Students today use AI and consider it research. It isn’t. AI’s doing “research” and the student expects AI to do more than it can do. Students today tend to think everything is online and if it isn’t, it doesn’t matter. (It does.) Some students have “libraries” that are almost entirely digital. For some the only Bible they have is online, and they use a phone for Bible reading. Students today can amass more sources in 20 seconds than we could–back in the day–in 200 minutes by combing through shelves and the manual card catalog and asking the librarian where section 226.2 is. (Yes, Dewey Decimal was serious business.) Students have access to grammar checks and spelling checks in their MS Word file. From what I hear, they can submit their paper to writing programs that will adjust and fix and improve their prose. Whether they look at it and learn from it or not. It’s a whole lot faster than looking up Strunk and White. I hope they learn from the automated fixers.
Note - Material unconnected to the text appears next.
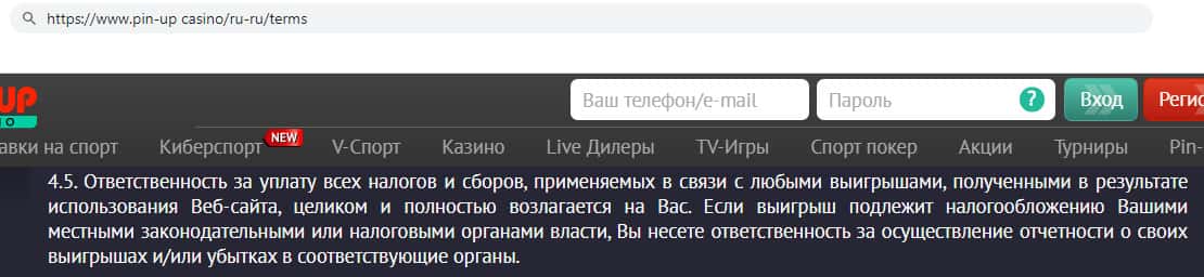 Так же мошенники Pin-Up Casino указали, что все налоги и прочие сборы ложатся на плечи клиентов, то есть фирма будет взимать дополнительные комиссии с клиентов.

It took professors a week or two, and in some cases an eternity, to get papers graded. Schools can now monitor professors on when papers are due and how many papers are stuck in their system and how many aren’t graded and how many grades are not turned in and when they are due. This is all to the better for students.
I, for one, am not persuaded by the digital systems at work today. The best classes are when we gather together, around a text or topic, and the computers and phones are absent, and we talk to one another. And say goodbye. Some students shake hands, some hug, and some leave the class period with tears in their eyes. Some professors, too.



If I had life to do over again I would have been one of your students. Did my doctoral study in Sociology and labored at a state institution. Was the faculty sponsor for InterVarsity for 24 years and that led me to go to work for them for 15 years as my career climaxed. All of my theological training/experience was self guided and self taught. Retired now for 13 years, most of my continued study/reading are on spiritual and church issues. Enjoyed reading this a lot as my career spanned the times from a manual typewriter to very fast computers.
I’m thankful for the opportunity that online classes affords, but you can’t beat those in-person, intensive classes. I’m glad I got to have two of them with you.